September 11, 2008

Abu–Khan

           Abu-Khan dashes through endless bronze savannah.

          Work-Finished-Philip traipses on home through traffic junctions and darkness. The three skinny Iranian kids are staring, with shameless lust, at a pretty woman who shakes out her hair by the bus stop.

The unsubtlety, he thinks, smiling, of innocence, and then, gazing at her out of the shadows of his eyes,

           I, too, am part of this landscape.

           “I can almost taste you,” Harriet says, and Aroused-Philip rises to the challenge.

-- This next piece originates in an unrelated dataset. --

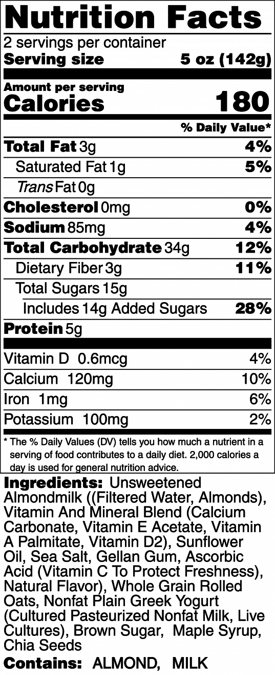 Unsweetened Almondmilk ((Filtered Water, Almonds), Vitamin And Mineral Blend (Calcium Carbonate, Vitamin E Acetate, Vitamin A Palmitate, Vitamin D2), Sunflower Oil, Sea Salt, Gellan Gum, Ascorbic Acid (Vitamin C To Protect Freshness), Natural Flavor), Whole Grain Rolled Oats, Nonfat Plain Greek Yogurt (Cultured Pasteurized Nonfat Milk, Live Cultures), Brown Sugar, Maple Syrup, Chia Seeds

           When Philip-Deceiving sneaks into the study late at night, he becomes Abu-Khan, firing off his twin pistols, rising from the dead. Hours later, the clock strikes three and Frazzled-Philip wakes as if from sleep, switches the monitor off, and coils his body around her as, he knows, Aroused-Philip would have wanted him to.

           Struck-By-Moments-Of-Beauty-Philip, walking to work, passes a schoolyard and is momentarily transformed by the plateau of lifeless concrete. Philip-Dulled-By-Routine sinks through, hours later, into the keyboard. He is close, he knows, to touching Abu-Khan.

           An attractive working colleague brushes up against him late in the afternoon, her lips nearing his. A searing erection. He remembers, later, that he’d once met her boyfriend at a dinner party. They arrange to meet the following week for a quick drink.

           Slumping in his living-room chair, he finds his right hand to be trembling uncontrollably.

           “What’re you afraid of,” he asks it, uncertainly.

          

           The kind psychiatrist, Doctor Howser, attempts to explain Philip to himself in a room surrounded by painted vases halfway to Basingstoke.

           He’s right, Explained-Philip thinks. I have to reconnect with my life.

           Doctor Howser’s door closes quietly behind him and Driving-Philip is too busy focused on the road to reconnect to anything.

           Abu-Khan blasts out shot after shot at the treacherous youths sharing a joint outside the apartment block, leering at Philip-Exhausted. They seem to be invulnerable.

           A tearful Harriet asks him to let her in; Philip has no way of explaining that he can’t speak for every new mood. He simply holds her, as if by instinct, but after a few seconds she rips herself away and slams the front door behind her. With a new rising interest, he thinks,

           She can change, too.

           Philip-Of-The-Epiphany waits before the bathroom mirror, as if trying something different. He vows that this Philip is the true version, and frowns, hoping to hold on to this mindset. His work colleague calls, and cancels their date.

           Alone-Philip watches the television, but cannot immerse himself in the faces he sees there.

           Drunk-Philip wipes out. Philip-Who’s-Been-Drunk wakes up, and ignores the phone. Philip-To-Mother finally picks up, and assures her, truthfully, that everything is fine.

           When Philip-Suicidal finally leaps from the Embankment, it’s Abu-Khan who continues to dash, roaring, through endless bronze savannah.


- 2 comments by 1 or more people Not publicly viewable

  1. James Harringman

    I really like this momentary-epithet thing you going on here. Although, you are a fictional character serial killer, are you ever going to write a story with a happy ending?

    11 Sep 2008, 16:03

  2. True to the nature of the masculine short story, it ends with ‘la petite morte.’